● **EXERCISE INSTRUCTIONS**
What the response needs is every record, repeated verbatim, and no images.

Top of DATA RECORDS

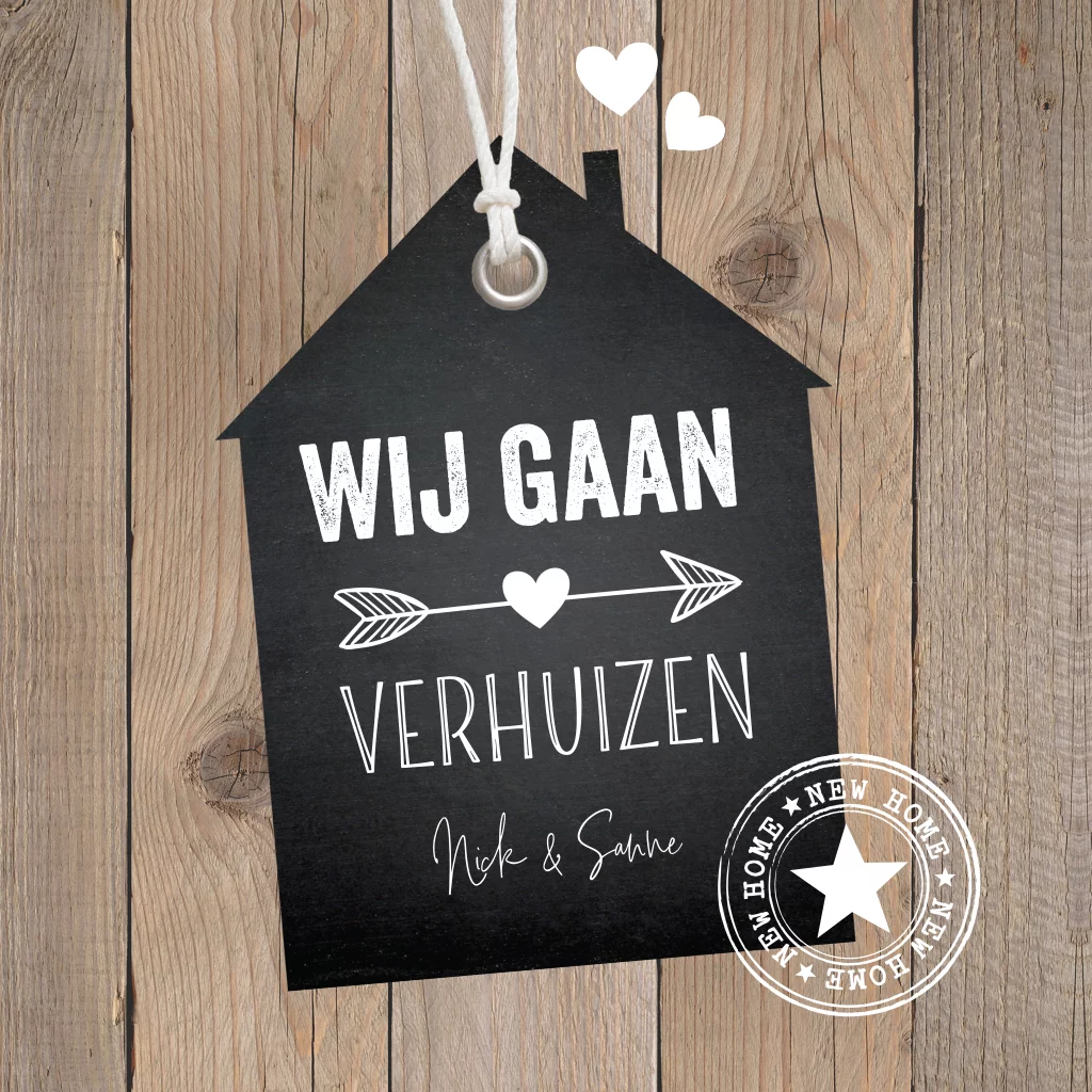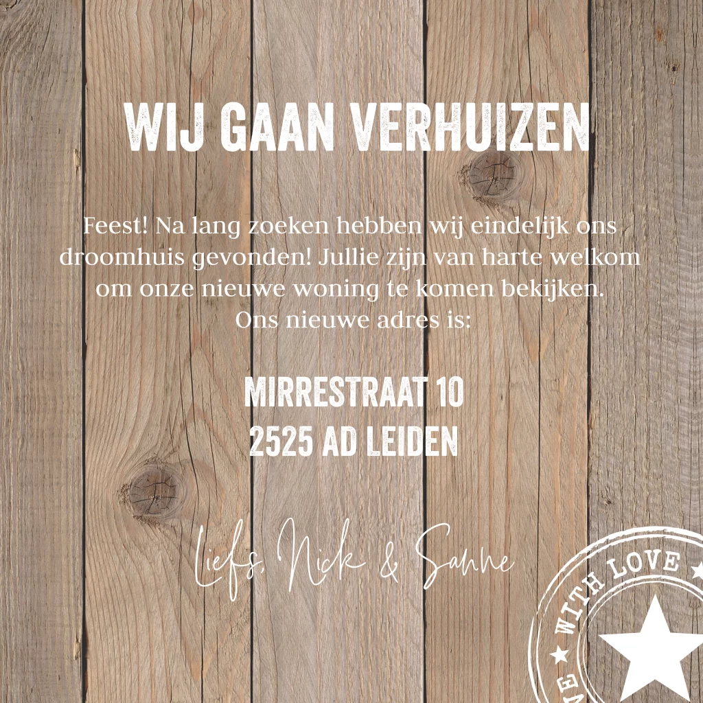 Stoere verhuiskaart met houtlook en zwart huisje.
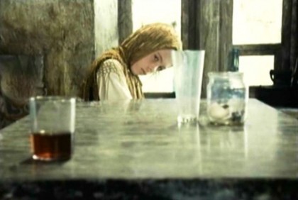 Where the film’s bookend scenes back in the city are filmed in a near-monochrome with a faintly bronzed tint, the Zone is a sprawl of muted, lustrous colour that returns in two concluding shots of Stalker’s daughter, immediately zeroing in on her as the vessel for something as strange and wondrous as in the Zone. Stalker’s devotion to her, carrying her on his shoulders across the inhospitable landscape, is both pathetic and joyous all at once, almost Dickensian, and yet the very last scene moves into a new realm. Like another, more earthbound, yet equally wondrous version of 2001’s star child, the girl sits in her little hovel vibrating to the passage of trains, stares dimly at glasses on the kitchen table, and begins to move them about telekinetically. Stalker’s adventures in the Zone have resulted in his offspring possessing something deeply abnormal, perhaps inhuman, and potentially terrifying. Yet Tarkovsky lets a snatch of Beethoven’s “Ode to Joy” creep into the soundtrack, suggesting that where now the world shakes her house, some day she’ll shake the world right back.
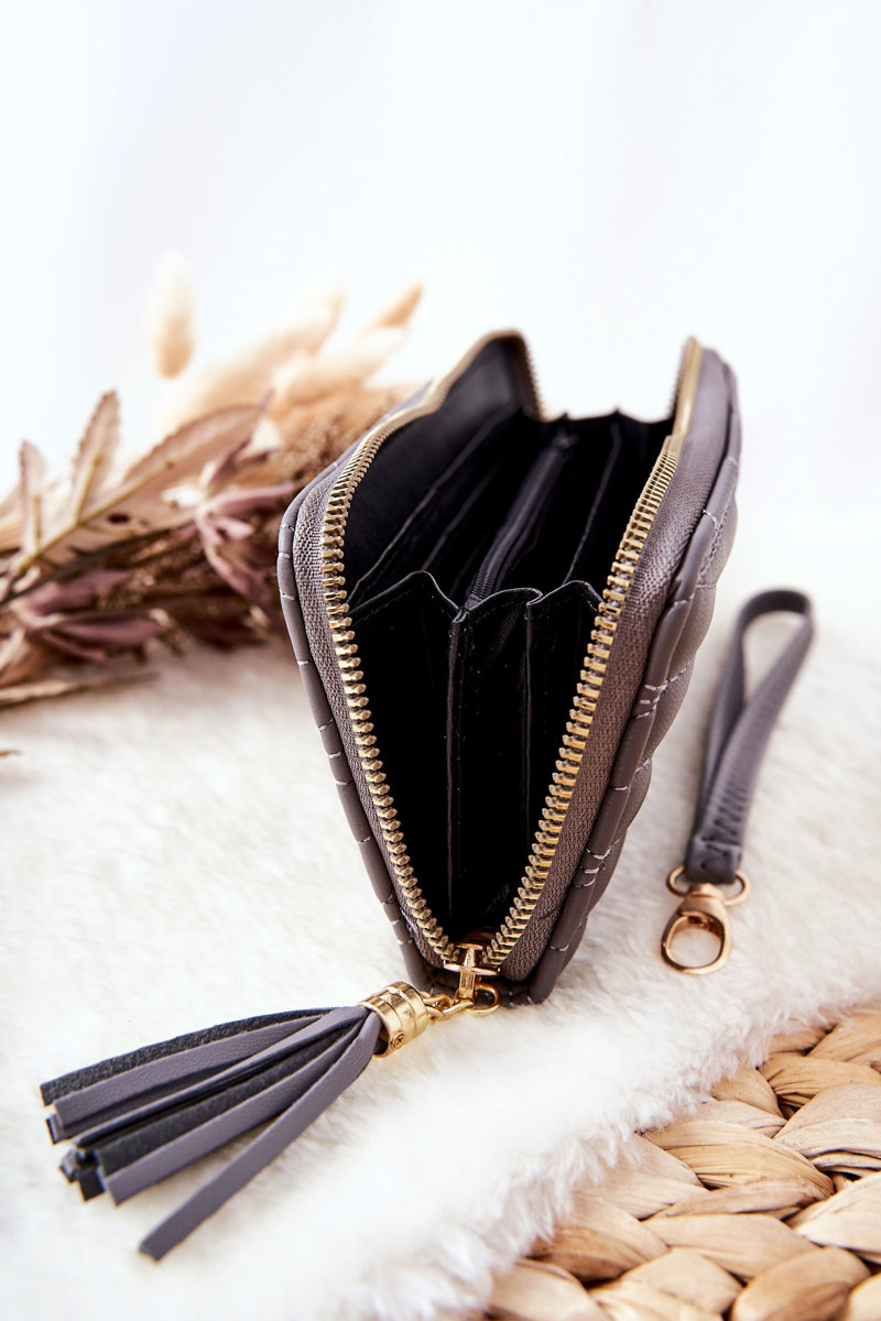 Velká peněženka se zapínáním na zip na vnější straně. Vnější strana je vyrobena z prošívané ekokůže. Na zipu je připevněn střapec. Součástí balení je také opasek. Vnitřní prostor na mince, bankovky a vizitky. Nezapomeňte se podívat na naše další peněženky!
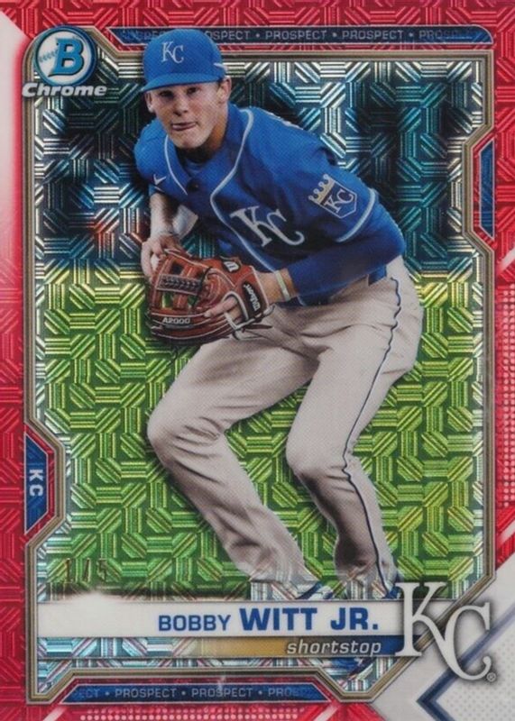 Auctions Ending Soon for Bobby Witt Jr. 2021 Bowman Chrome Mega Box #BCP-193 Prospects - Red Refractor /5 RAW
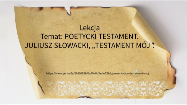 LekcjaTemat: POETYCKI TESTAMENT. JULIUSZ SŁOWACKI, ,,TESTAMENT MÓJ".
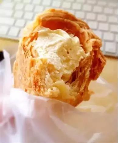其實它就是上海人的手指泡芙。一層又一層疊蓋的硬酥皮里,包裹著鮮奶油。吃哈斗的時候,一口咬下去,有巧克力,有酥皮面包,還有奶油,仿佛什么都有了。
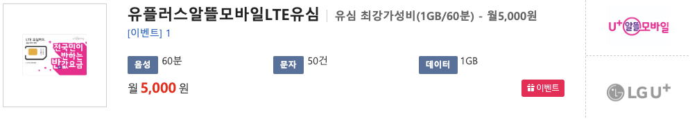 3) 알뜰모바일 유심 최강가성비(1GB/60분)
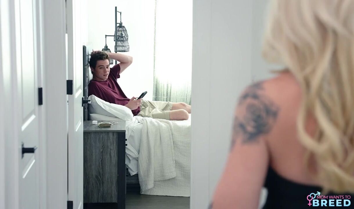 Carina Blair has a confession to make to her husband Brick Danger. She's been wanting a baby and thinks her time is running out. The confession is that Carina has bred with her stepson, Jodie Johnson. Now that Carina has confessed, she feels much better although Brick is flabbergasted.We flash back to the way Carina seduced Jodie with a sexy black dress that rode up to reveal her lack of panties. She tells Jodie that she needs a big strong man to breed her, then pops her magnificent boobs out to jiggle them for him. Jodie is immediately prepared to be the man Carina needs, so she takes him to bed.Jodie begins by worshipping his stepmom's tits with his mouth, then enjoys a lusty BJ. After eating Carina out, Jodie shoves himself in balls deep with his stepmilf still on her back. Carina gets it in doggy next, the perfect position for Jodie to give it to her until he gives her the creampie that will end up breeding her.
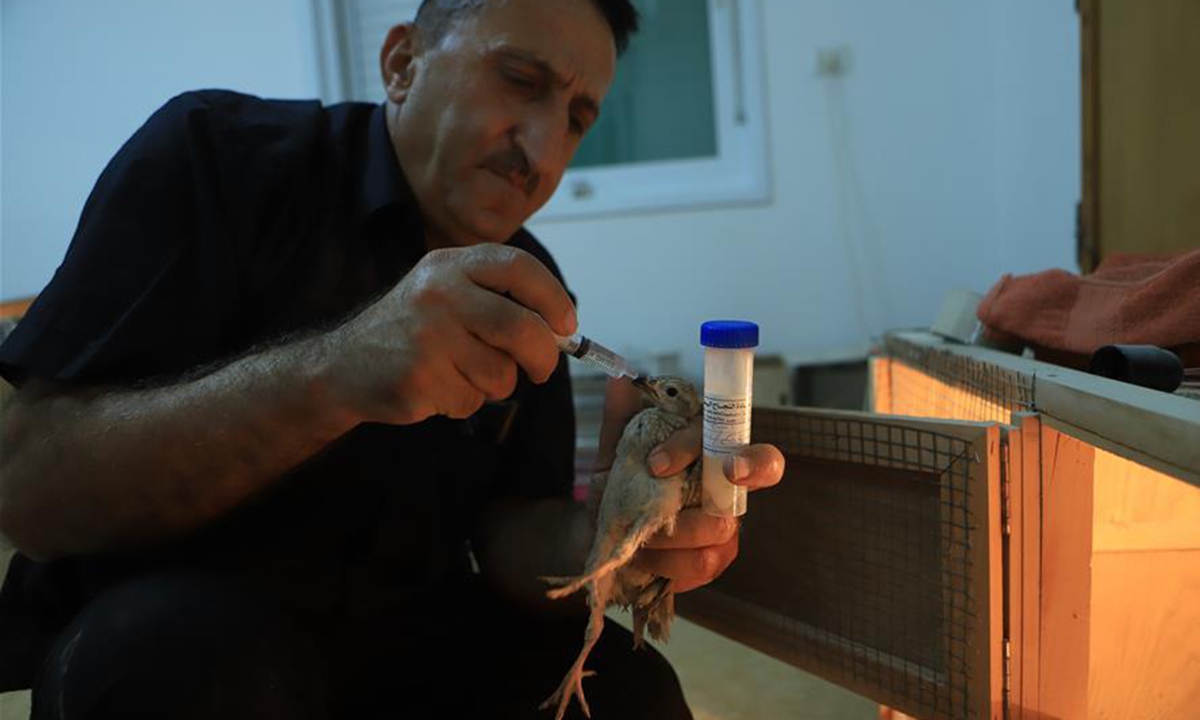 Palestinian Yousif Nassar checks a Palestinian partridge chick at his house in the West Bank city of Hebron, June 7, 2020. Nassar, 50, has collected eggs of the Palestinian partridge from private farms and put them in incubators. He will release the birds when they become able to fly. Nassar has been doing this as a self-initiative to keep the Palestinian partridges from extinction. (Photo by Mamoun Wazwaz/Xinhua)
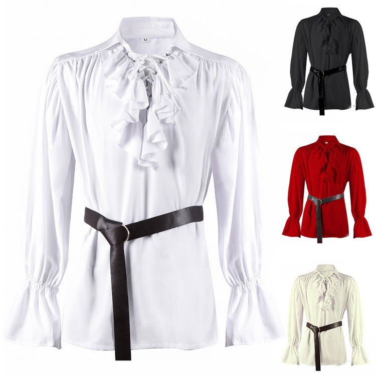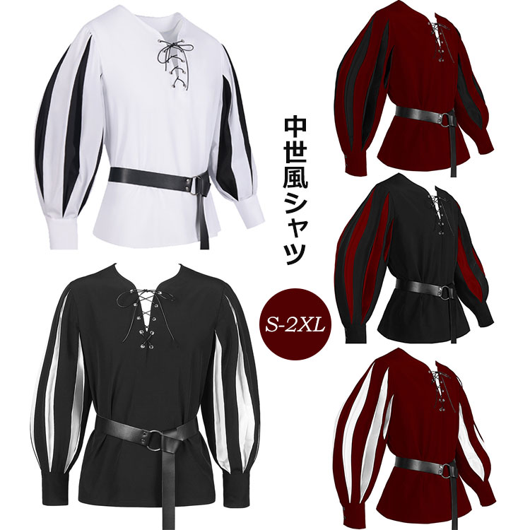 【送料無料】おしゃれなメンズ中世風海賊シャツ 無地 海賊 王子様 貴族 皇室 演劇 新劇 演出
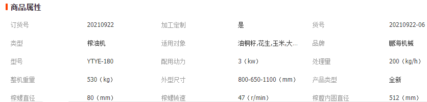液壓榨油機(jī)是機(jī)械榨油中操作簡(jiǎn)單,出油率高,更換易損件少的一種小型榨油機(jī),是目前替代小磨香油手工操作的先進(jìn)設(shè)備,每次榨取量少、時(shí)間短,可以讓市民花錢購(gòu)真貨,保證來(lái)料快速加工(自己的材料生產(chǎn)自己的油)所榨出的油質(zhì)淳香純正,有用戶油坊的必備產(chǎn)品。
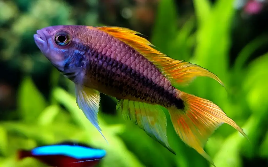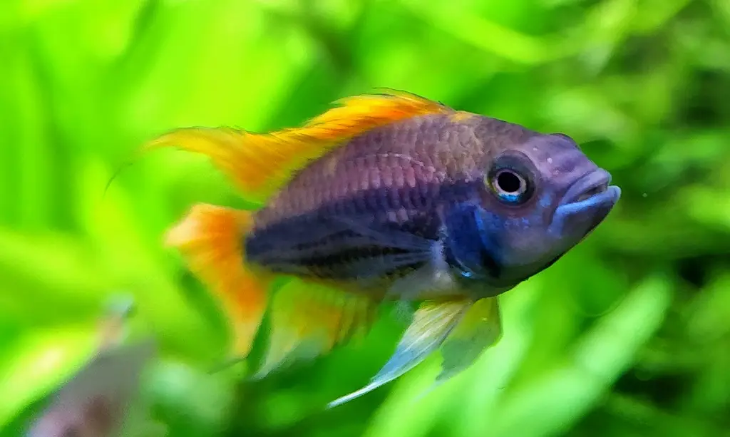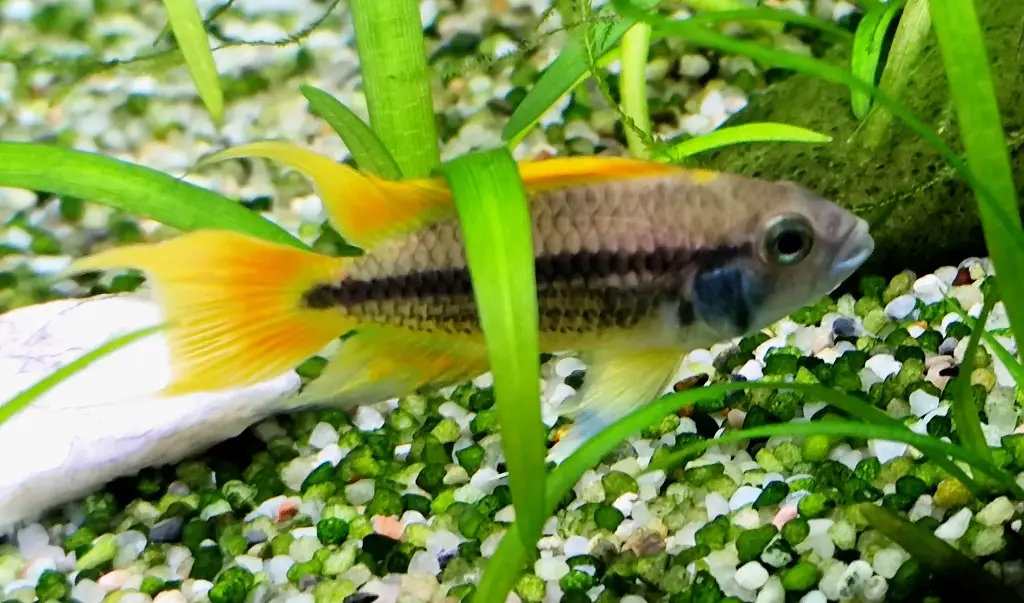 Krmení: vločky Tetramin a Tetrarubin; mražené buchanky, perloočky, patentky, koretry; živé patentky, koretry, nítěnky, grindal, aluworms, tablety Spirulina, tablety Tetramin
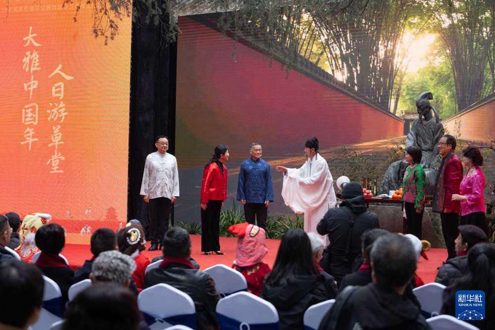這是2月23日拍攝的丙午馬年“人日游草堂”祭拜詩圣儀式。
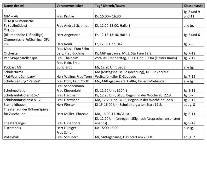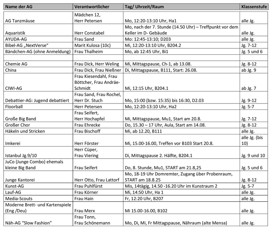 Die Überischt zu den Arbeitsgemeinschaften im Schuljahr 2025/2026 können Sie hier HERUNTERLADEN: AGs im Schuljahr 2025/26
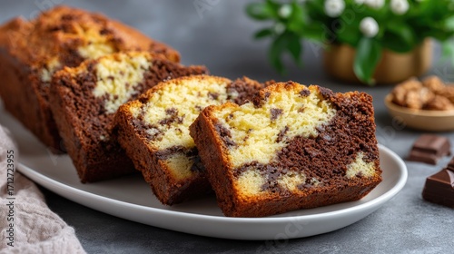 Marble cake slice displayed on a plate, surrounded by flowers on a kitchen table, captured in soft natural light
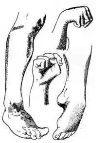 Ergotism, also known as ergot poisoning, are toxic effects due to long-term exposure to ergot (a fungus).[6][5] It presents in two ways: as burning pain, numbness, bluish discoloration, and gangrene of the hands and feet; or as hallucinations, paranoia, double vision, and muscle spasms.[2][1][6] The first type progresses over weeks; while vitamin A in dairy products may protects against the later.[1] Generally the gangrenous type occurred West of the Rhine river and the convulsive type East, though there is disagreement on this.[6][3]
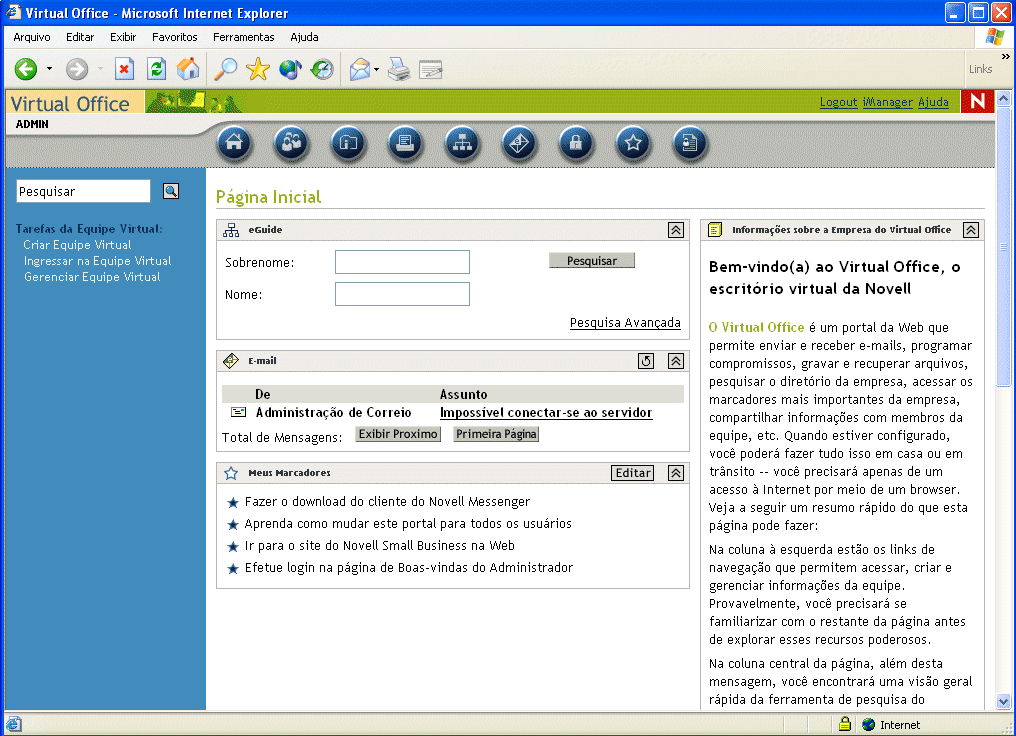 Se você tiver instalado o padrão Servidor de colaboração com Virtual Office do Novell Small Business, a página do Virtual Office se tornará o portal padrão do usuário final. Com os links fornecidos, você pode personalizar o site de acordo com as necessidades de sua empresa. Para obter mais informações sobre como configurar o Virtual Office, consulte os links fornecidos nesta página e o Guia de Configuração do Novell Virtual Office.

Bottom of DATA RECORDS

● **TASK SOLUTION**
 Stoere verhuiskaart met houtlook en zwart huisje.
 Where the film’s bookend scenes back in the city are filmed in a near-monochrome with a faintly bronzed tint, the Zone is a sprawl of muted, lustrous colour that returns in two concluding shots of Stalker’s daughter, immediately zeroing in on her as the vessel for something as strange and wondrous as in the Zone. Stalker’s devotion to her, carrying her on his shoulders across the inhospitable landscape, is both pathetic and joyous all at once, almost Dickensian, and yet the very last scene moves into a new realm. Like another, more earthbound, yet equally wondrous version of 2001’s star child, the girl sits in her little hovel vibrating to the passage of trains, stares dimly at glasses on the kitchen table, and begins to move them about telekinetically. Stalker’s adventures in the Zone have resulted in his offspring possessing something deeply abnormal, perhaps inhuman, and potentially terrifying. Yet Tarkovsky lets a snatch of Beethoven’s “Ode to Joy” creep into the soundtrack, suggesting that where now the world shakes her house, some day she’ll shake the world right back.
 Velká peněženka se zapínáním na zip na vnější straně. Vnější strana je vyrobena z prošívané ekokůže. Na zipu je připevněn střapec. Součástí balení je také opasek. Vnitřní prostor na mince, bankovky a vizitky. Nezapomeňte se podívat na naše další peněženky!
 Auctions Ending Soon for Bobby Witt Jr. 2021 Bowman Chrome Mega Box #BCP-193 Prospects - Red Refractor /5 RAW
 LekcjaTemat: POETYCKI TESTAMENT. JULIUSZ SŁOWACKI, ,,TESTAMENT MÓJ".
其實它就是上海人的手指泡芙。一層又一層疊蓋的硬酥皮里,包裹著鮮奶油。吃哈斗的時候,一口咬下去,有巧克力,有酥皮面包,還有奶油,仿佛什么都有了。
 3) 알뜰모바일 유심 최강가성비(1GB/60분)
 Carina Blair has a confession to make to her husband Brick Danger. She's been wanting a baby and thinks her time is running out. The confession is that Carina has bred with her stepson, Jodie Johnson. Now that Carina has confessed, she feels much better although Brick is flabbergasted.We flash back to the way Carina seduced Jodie with a sexy black dress that rode up to reveal her lack of panties. She tells Jodie that she needs a big strong man to breed her, then pops her magnificent boobs out to jiggle them for him. Jodie is immediately prepared to be the man Carina needs, so she takes him to bed.Jodie begins by worshipping his stepmom's tits with his mouth, then enjoys a lusty BJ. After eating Carina out, Jodie shoves himself in balls deep with his stepmilf still on her back. Carina gets it in doggy next, the perfect position for Jodie to give it to her until he gives her the creampie that will end up breeding her.
 Palestinian Yousif Nassar checks a Palestinian partridge chick at his house in the West Bank city of Hebron, June 7, 2020. Nassar, 50, has collected eggs of the Palestinian partridge from private farms and put them in incubators. He will release the birds when they become able to fly. Nassar has been doing this as a self-initiative to keep the Palestinian partridges from extinction. (Photo by Mamoun Wazwaz/Xinhua)
 【送料無料】おしゃれなメンズ中世風海賊シャツ 無地 海賊 王子様 貴族 皇室 演劇 新劇 演出
液壓榨油機(jī)是機(jī)械榨油中操作簡(jiǎn)單,出油率高,更換易損件少的一種小型榨油機(jī),是目前替代小磨香油手工操作的先進(jìn)設(shè)備,每次榨取量少、時(shí)間短,可以讓市民花錢購(gòu)真貨,保證來(lái)料快速加工(自己的材料生產(chǎn)自己的油)所榨出的油質(zhì)淳香純正,有用戶油坊的必備產(chǎn)品。
 Krmení: vločky Tetramin a Tetrarubin; mražené buchanky, perloočky, patentky, koretry; živé patentky, koretry, nítěnky, grindal, aluworms, tablety Spirulina, tablety Tetramin
這是2月23日拍攝的丙午馬年“人日游草堂”祭拜詩圣儀式。
 Die Überischt zu den Arbeitsgemeinschaften im Schuljahr 2025/2026 können Sie hier HERUNTERLADEN: AGs im Schuljahr 2025/26
 Marble cake slice displayed on a plate, surrounded by flowers on a kitchen table, captured in soft natural light
 Ergotism, also known as ergot poisoning, are toxic effects due to long-term exposure to ergot (a fungus).[6][5] It presents in two ways: as burning pain, numbness, bluish discoloration, and gangrene of the hands and feet; or as hallucinations, paranoia, double vision, and muscle spasms.[2][1][6] The first type progresses over weeks; while vitamin A in dairy products may protects against the later.[1] Generally the gangrenous type occurred West of the Rhine river and the convulsive type East, though there is disagreement on this.[6][3]
 Se você tiver instalado o padrão Servidor de colaboração com Virtual Office do Novell Small Business, a página do Virtual Office se tornará o portal padrão do usuário final. Com os links fornecidos, você pode personalizar o site de acordo com as necessidades de sua empresa. Para obter mais informações sobre como configurar o Virtual Office, consulte os links fornecidos nesta página e o Guia de Configuração do Novell Virtual Office.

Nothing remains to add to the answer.